The media of the metaverse should be a 3D immersive one driven by technological innovation. Over the past few decades, the PC and mobile Internet have abstracted the media efficiently. Metaverse is a media that extends Internet figuration to the extreme, simulating the human world to enhance economic activity and human behavior.

Pillars of Web 3

Web 3 is composed of two pillars: consensus and social networks.

Logic, language, and sociality contribute to group consensus and strengthen community bonds. Several studies have shown that the adequate social size of individuals can be increased from 150 to 300, primarily because of the Internet and mobile Internet. There is no doubt that there has been a significant improvement in the efficiency of social activities since the appearance of social networks. Consensus generates great value. At its peak last year, cryptocurrencies accumulated a market capitalization of $3 trillion.

The structure of Web 3 is more like that of an efficient and high-trust social network model and even of a small-world network model. As it evolves from the most primitive and inefficient cave model of human beings in the past agricultural era to the more complex large-world model we have today. Then, in the future small-world model, technology becomes more efficient and effective.

New paradigms of metaverse technologies

The following is a description of the current paradigms of metaverse technologies.

1. The new paradigm of graph-based AI. From 2014 onwards, Convolutional Neural Networks, or CNNs, have become the gold standard for AI, and Deep Learning is the recent paradigm. These advancements have significantly enhanced efficiency over previous paradigms. Next, we saw CNN, LSTM, BERT, Transformer, and GPT becoming increasingly sophisticated and active.

It wasn't that long ago that OpenAI released DALL-E 2, a text-to-image generator. When given a text such as: "An astronaut lounging in a tropical resort in space + in a vaporwave style," DALL-E 2 will produce the following images:

Rather than a composite of existing photos, this is an automatically generated image after the machine recognizes the semantics. The system can comprehend individual objects and the connections between objects, which helps explain why this paradigm is no longer an outdated approach that many developers followed in the past. There has been a shift in graphics from some graphics-related algorithms to AI that will generate its own paradigm iterations.

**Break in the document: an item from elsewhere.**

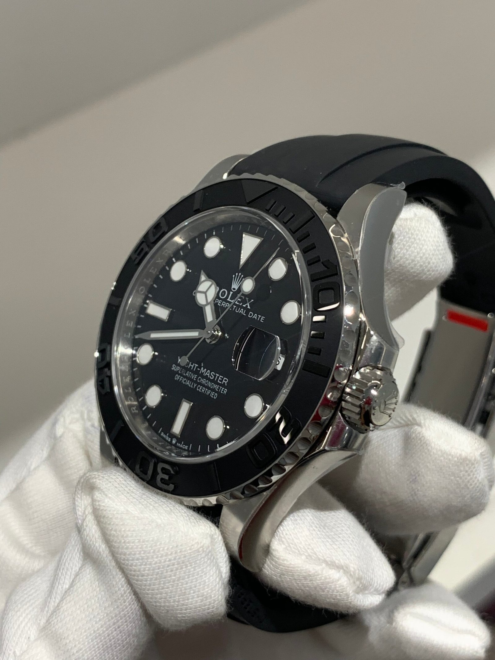 18K Everose Gold FinishVSF continues its dominance in case machining. The 18K Everose gold features industry-leading polishing on the lugs and a buttery smooth Oysterflex rubber strap with 18K gold deployant clasp, feeling identical to the genuine article on the wrist, embodying the YACHT-MASTER’s iconic luxury and durability.

Moreover, the new paradigms of 3D graph-based artificial intelligence. For many years, the entire 3D pipeline used Maya, 3DMAX, C4D, and Blender to model, bind, move, drive, and animate objects. The traditional production pipeline was built on raster, ray tracing, Mesh, etc. In the present case, we need to pay attention to the 3D GAN and neural radiance fields (NeRFs), which may have the potential to transform the traditional 3D graphics pipelines.

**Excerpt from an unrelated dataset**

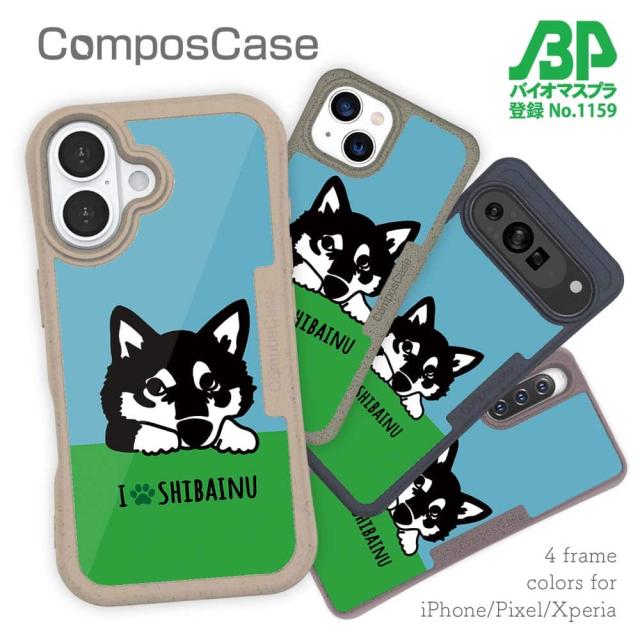 コンポスケース & 着せ替え デザインシート セット iPhone16e ケース iPhone16 Pro iPhone16 iPhone15 Pro iPhone15 iPhone14 Pro iPhone14 iPhone13 犬 イヌ 柴犬(黒柴)の可愛さアピール(wakat)
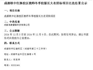 成都铁中红旗校区教师冬季校服长大衣招标项目比选结果公示

There is a possibility that AI will replace the geometric paradigm, but the geometric paradigm will not necessarily disappear completely. Both paradigms may coexist in the future. Furthermore, the geometric paradigm may also be able to complement the artificial intelligence paradigm in the near future.

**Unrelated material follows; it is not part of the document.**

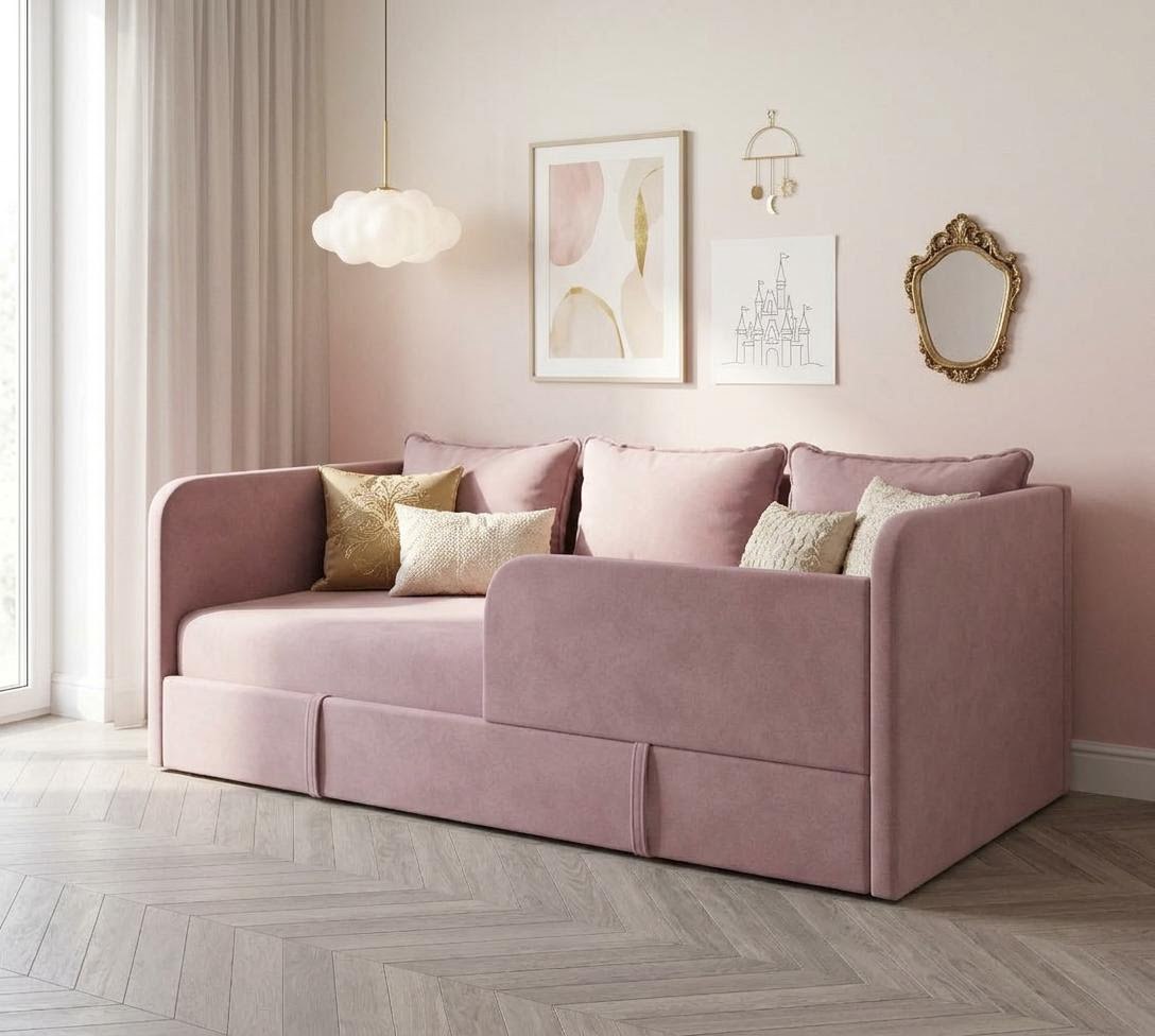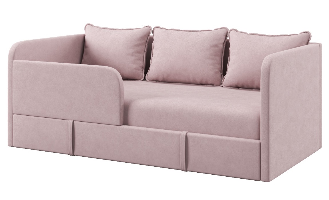 Диванчик подойдет для самых маленьких деток, так как имеет защитный бортик.

NVIDIA has published a new paper related to Instant NeRF. The left side of the figure below shows a more complex neural radiance field trained on 34 images. The rendering quality is excellent, using only 34 images. In addition, the model training may take just a few minutes at most. On the right is an example of model training. It is possible to train such a model in a few seconds, and then it may be used to render various objects.


The success of the metaverse depends on the implementation of new technical paradigms. Previous paradigms have become a bit outdated. According to NVIDIA, to feel real in a metaverse, we should increase computing power by one million times.

Therefore, the conventional pipeline is not sustainable in the long run, so we have to embrace a new way of doing things. As Deep Learning dominates AI today, we think that in the future, the fundamental approach to AI will be a graph-based paradigm that will hold sway over the entire metaverse.